Mel Gibson Missed The Birth Of His Baby
Maybe this was said before and I just didn't pay attention to it. I am sorry if it has been written everywhere, but honestly I just didn't get all that fired up about the whole Mel Gibson being a dad for the 8th time.
His girlfriend Oksana gave an interview to Hello UK and described how she went into labor alone and that Mel wasn't there for the birth of their baby Sugar Tits Gibson Grigorieva because he was in New York filming. Nothing wrong with that. The baby was born a month early so they say and Mel was across the country and it takes a good five hours to get across the country.
"She was almost a month early. I was at home and then I got rushed to hospital, and then eight hours later, I could look at her beautiful face. It was fairly straightforward, as births go. It happened very quickly.
"He (Gibson) came a few hours later because he had to fly from New York... He is ecstatic. He is in love with her already. He's very hands-on. He has been very doting and nurturing."
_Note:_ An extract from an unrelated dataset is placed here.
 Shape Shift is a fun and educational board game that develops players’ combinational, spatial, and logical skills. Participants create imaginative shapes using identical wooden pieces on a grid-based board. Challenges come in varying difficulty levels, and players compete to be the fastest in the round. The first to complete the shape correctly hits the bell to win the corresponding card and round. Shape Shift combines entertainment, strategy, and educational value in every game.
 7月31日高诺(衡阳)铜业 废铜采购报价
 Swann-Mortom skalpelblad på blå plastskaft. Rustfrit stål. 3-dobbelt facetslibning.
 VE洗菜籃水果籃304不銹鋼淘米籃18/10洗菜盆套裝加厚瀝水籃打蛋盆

So, this is the part that I don't really understand. She was at home and goes into labor. Presumably she calls Mel. He having more money than anyone then does what? Goes to work for a few hours and then decides to get on a plane? She was in labor for 8 hours and then Mel still didn't show up for a few hours after that? No private plane? Did he fly on US Airways so he could connect in Vegas and spend a couple of hours playing slots in the airport?
I'm sure I am making something out of nothing, but hey, there isn't much to talk about today and whenever I can take a jab at Mel I am going to do it.
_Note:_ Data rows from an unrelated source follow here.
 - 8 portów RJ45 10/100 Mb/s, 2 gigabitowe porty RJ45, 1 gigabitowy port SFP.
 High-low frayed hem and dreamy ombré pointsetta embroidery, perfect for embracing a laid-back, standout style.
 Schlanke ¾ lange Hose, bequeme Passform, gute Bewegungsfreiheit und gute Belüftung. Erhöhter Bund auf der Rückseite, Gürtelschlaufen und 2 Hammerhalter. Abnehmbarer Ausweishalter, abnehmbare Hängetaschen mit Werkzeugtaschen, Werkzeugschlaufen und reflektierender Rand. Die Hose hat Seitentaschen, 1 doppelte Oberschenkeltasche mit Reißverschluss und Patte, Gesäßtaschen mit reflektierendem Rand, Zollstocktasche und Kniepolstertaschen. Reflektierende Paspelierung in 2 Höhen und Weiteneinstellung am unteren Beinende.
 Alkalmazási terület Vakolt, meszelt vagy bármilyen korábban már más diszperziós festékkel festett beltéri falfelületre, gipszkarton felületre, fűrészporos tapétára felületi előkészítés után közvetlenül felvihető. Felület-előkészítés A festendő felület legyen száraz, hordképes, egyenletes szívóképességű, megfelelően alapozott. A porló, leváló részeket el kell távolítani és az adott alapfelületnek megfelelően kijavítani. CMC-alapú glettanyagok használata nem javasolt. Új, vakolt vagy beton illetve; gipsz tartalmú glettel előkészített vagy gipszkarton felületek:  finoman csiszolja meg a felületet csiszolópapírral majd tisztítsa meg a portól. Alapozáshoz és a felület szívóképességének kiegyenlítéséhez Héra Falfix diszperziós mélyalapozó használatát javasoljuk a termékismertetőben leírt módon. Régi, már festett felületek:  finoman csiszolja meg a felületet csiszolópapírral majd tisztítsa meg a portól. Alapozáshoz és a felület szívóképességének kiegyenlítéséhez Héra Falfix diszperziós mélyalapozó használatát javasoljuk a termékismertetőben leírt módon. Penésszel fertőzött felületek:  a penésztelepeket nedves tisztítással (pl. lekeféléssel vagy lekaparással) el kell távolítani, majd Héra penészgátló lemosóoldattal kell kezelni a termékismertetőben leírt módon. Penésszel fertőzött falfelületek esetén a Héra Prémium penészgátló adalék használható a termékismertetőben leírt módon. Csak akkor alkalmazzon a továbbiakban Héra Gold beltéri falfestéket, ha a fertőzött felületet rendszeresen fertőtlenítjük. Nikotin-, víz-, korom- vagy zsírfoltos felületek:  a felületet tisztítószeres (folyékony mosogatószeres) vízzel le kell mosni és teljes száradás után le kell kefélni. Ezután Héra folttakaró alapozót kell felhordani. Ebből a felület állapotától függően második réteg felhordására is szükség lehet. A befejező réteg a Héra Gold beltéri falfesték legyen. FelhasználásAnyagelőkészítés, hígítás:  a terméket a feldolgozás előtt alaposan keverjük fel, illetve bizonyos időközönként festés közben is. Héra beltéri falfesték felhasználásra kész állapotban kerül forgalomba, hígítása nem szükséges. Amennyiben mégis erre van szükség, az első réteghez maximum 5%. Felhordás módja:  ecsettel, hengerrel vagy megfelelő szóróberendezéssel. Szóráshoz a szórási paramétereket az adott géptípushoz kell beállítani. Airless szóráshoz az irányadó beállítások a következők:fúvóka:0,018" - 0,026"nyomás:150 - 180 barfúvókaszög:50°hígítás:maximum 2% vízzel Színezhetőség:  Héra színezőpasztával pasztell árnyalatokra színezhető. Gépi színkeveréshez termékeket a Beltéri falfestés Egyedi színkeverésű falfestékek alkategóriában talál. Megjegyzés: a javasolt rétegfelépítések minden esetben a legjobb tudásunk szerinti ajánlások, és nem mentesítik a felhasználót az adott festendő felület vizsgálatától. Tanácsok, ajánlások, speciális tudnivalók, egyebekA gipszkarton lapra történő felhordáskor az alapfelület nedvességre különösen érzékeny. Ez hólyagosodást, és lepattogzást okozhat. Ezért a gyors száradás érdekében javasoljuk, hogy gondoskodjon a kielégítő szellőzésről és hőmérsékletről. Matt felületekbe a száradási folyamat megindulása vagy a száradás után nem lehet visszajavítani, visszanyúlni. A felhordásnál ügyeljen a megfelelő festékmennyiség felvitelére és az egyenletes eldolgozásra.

In his defense, even a private plane has to file a flight plan and have it approved before they can take off. Can you imagine the air traffic nightmare if anyone just flew whenever they wanted?
ReplyDeletei'm sorry but i just couldn't read beyond 'Sugar Tits Gibson Grigorieva", omg lol!
ReplyDelete*dying*
Maybe they weren't sure it was labor. I don't love the guy but I'm going to be open that he tried.
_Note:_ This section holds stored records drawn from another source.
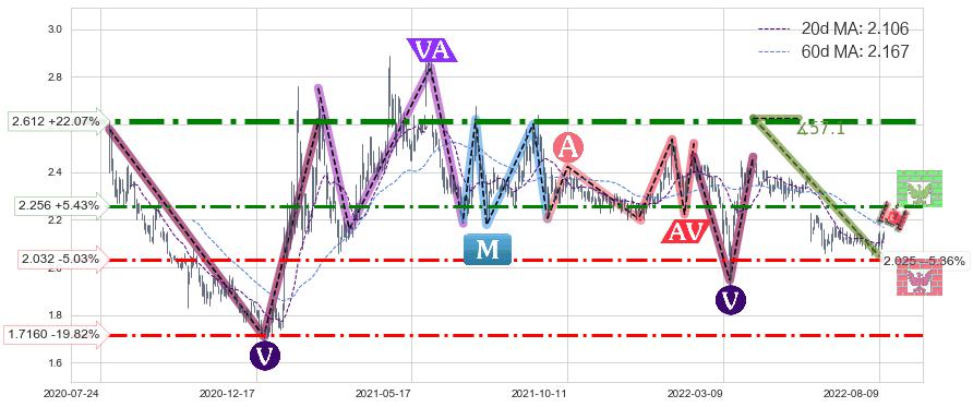 ♘ 阻力价格位2.256,可信任强度67.50%,距离最后交易2022-08-12形成的收盘价格2.140相差 +5.43%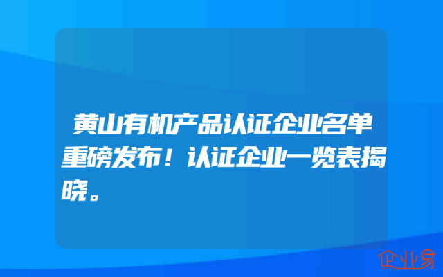 - 黄山有机产品认证企业名单重磅发布!认证企业一览表揭晓。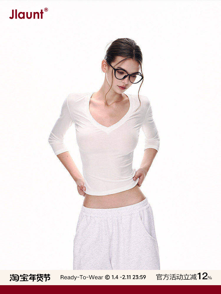 Jlaunt White Short-Sleeved T-Shirt for Women, Spring and Autumn Design, Slim Fit, Versatile V-Neck Long-Sleeved T-Shirt, Hot Girl Top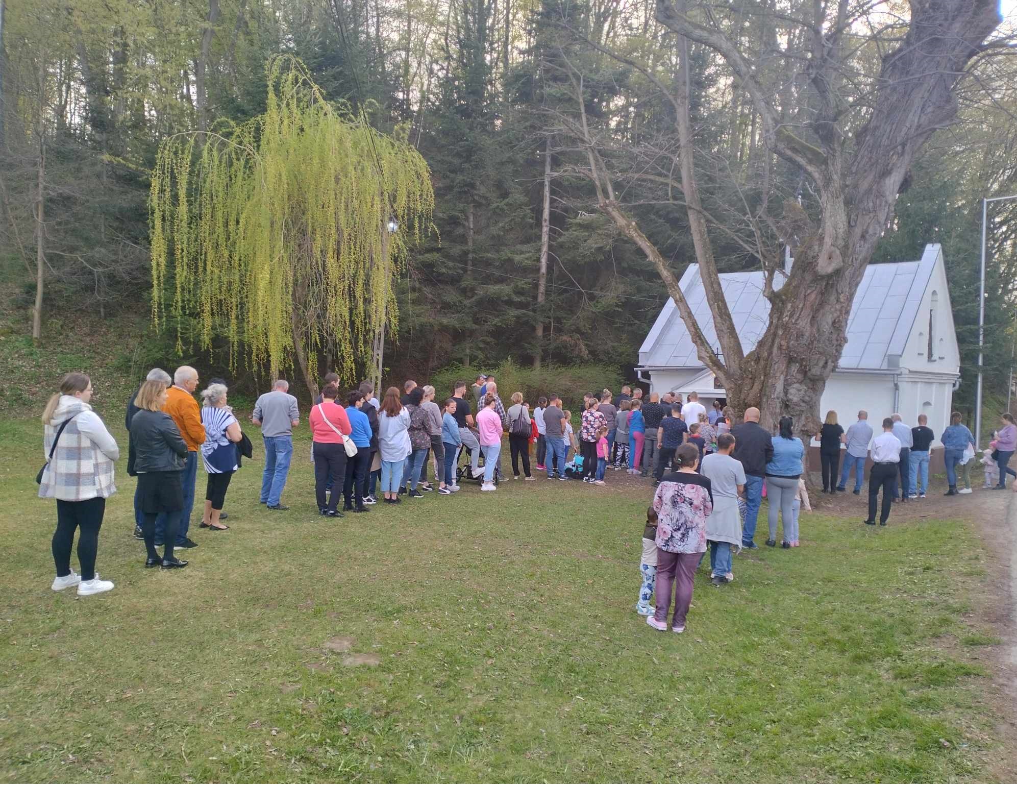 W ten upalny Wielki Czwartek wierni nie tylko z naszej okolicy, ale i z odległych miejsc pielgrzymują przed je oblicze, czego dowodem jest powyższe zdjęcie. W kolejce do drzwi kapliczki trzeba spędzić zazwyczaj kilkadziesiąt minut. Dawniej kapliczka była otwarta, można było wejść do środka, kolejny rok nie ma takiej mozliwości. Niezwykłe miejsce owiane jest legendą za sprawą wyjątkowej figury Chrystusa. Jaka jest dokładnie historia tej kapliczki? Poniżej tekst z Polska niezwykla.pl

ReplyDeletegood lord, this woman is such a caricature.
ReplyDeleteI can't believe I actually said something in Mel Gibson's defense. Somebody slap me.
ReplyDeleteI wonder if a "month early" baby changes the question of paternity at all.
ReplyDelete*slaps Stacy, but lightly*
ReplyDeleteI agree w/ wholelottaluv, this woman looks like a Bratz doll.
I think she looks more like a low-rent Cher...very low
ReplyDeleteShe reminds me of a Cheshire cat. No offense to felines everywhere.
ReplyDeleteLOL at Sporky. Bratz doll, indeed
ReplyDeletewhat Pookie said......i giggled out loud. My co-workers are giving me that Intervention stare again.
ReplyDeleteLOL@intervention stare
ReplyDeleteSo is the baby really Mel's????
Count me in, Pookie and canadachick - SUGAR TITS!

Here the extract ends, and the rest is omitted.